# SMART ID CARD based Permanent Residents time frame?



## JamesNY (Jul 26, 2014)

Hello everyone.

I have read that it supposed to take about 3 days to get the Smart ID card for 1st time applicants with permanent residence permit, is this true? Does anyone have any recent experiences?


----------



## Skilled (May 10, 2011)

Have they started issuing Smart ID cards to the Permenant Residents?


----------



## 2fargone (Jun 14, 2011)

Department of Home Affairs - 70 Offices Ready


----------



## rubelbgdsa0 (Jul 23, 2011)

Skilled said:


> Have they started issuing Smart ID cards to the Permenant Residents?



So u can apply smart ID card with PR now?


----------



## tapsmatenga (Apr 8, 2014)

since when?


----------



## Portak (Sep 10, 2014)

Skilled said:


> Have they started issuing Smart ID cards to the Permenant Residents?


Is it true that PR holders can apply for Smart IDs?


----------



## irishexpat (May 25, 2011)

No. Only being issued to SA-born citizens (who themselves have to be born to citizens, when I was applying for my ID a 16-year-old SA citizen was made apply for an ID book because her _mother_ was foreign-born) applying for their first ID, and the over-60s. It's going to take 8 years to issue to everyone. My guess, you'll be told to apply for a smart card only when they have issued to citizens.


----------



## dave smythe (Dec 16, 2014)

If these cards are only being issued to SA born people, what do we do if we were born outside SA but naturalized citizens? I obtained SA citizenship in 1984 and have had an ID since then. No details on the DHA website


----------



## irishexpat (May 25, 2011)

If you have an ID book you keep it until they call you to replace it. As I said, they expect to take 8 years to finish this, from 2013. 
Realistically, I expect that they'll stop issuing ID books soon after every home affairs office is equipped to issue smart cards.


----------



## irishexpat (May 25, 2011)

My guess, and it's only a guess, is that PR holders will be amongst the last to get smart ID cards, at least for first issue.
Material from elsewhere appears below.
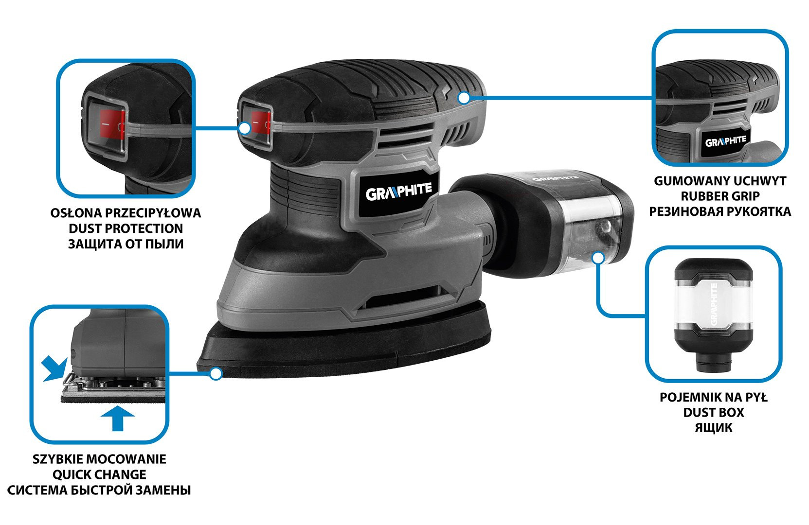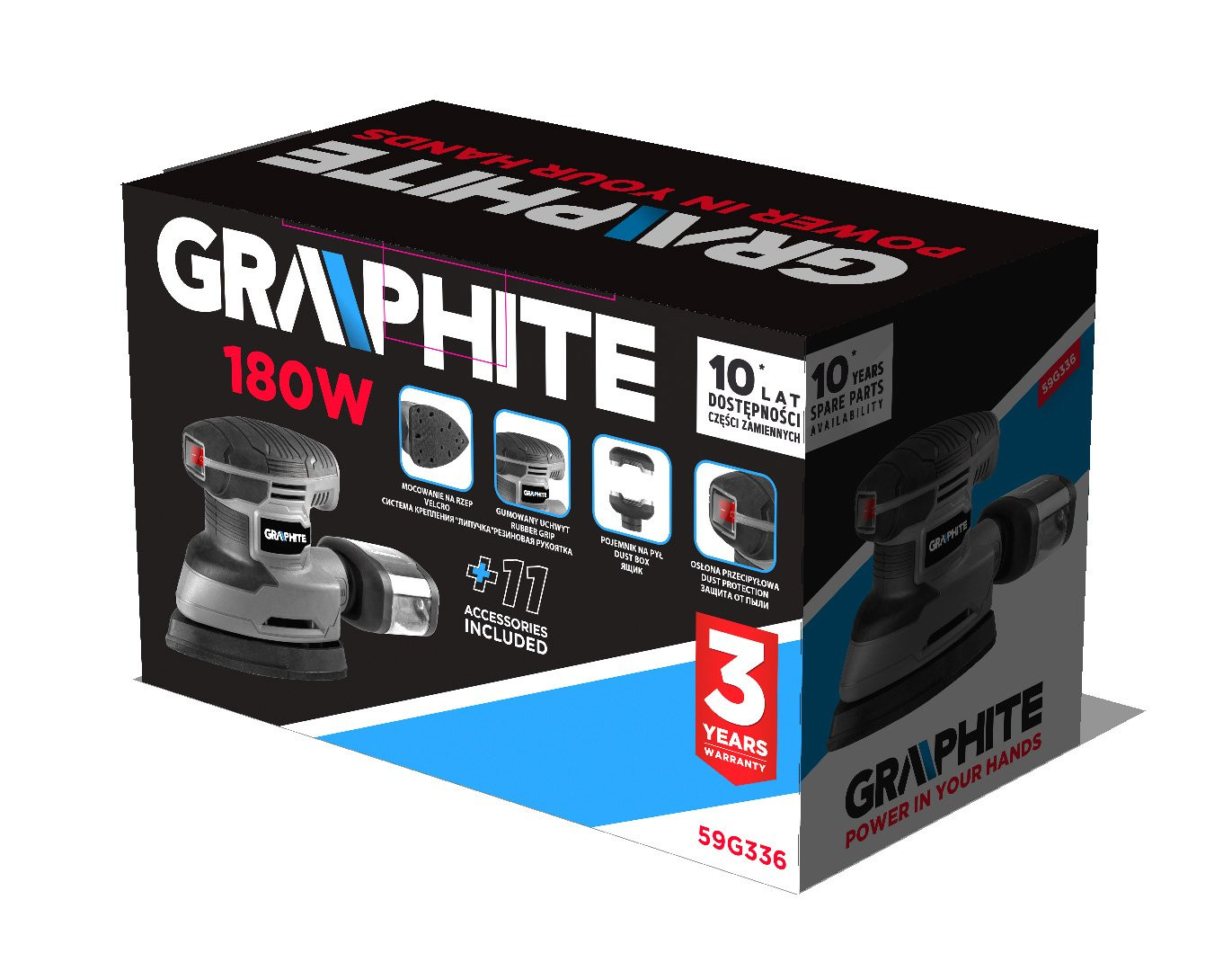 Szlifierka oscylacyjna delta 180 W, stopa 140 x 140 x 80 mm 59G336 marki GRAPHITE to narzędzie o mocy 180 W ze stopą w kształcie trójkąta o wymiarach 140 x 140 x 80 mm oraz kompatybilnym papierem ściernym 140 x 140 x 97 mm. Osiąga prędkość obrotową 13000 min⁻¹, a jego amplituda oscylacji wynosi 0,8 mm. W zestawie ze szlifierką oferowane są 3 stopy, papiery ścierne (9 sztuk) oraz króciec przyłączeniowy. Masa urządzenia wynosi 1 kg. Ten model szlifierki wyróżnia się antypoślizgową, wygodną w użytkowaniu rękojeścią oraz systemem odprowadzania pyłu. Posiada praktyczny przewód zasilający w gumowej powłoce o długości 3 m. To narzędzie niezbędne w szlifowaniu, polerowaniu oraz skutecznym usuwaniu rdzy lub farby.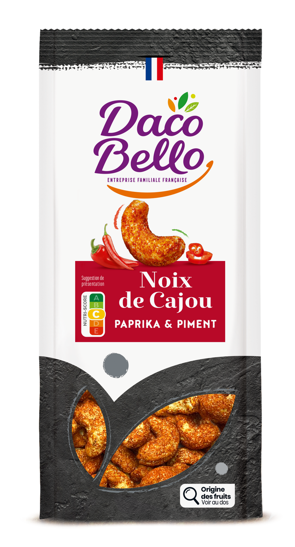 Noix de cajou grillées 91 %, paprika doux fumé 2,7 %, oignon semoule, ail déshydraté, piment chipotle 0,9 %, sel, arôme : huile essentielle de piment feuille, agent d’enrobage : gomme d’acacia.

Even then, many won't get a three day turnaround time because there will still be a marriage department delay.
I do expect that as banks now take part in issuing IDs, the process will speed up.
My mother in law is SA born and is old enough to apply, I'll get her do do it and see how long it takes. My wife is an SA citizen but born in Zambia, and her father was foreign born. When she gets a smart ID option, then I'll start wondering when it's my turn.


----------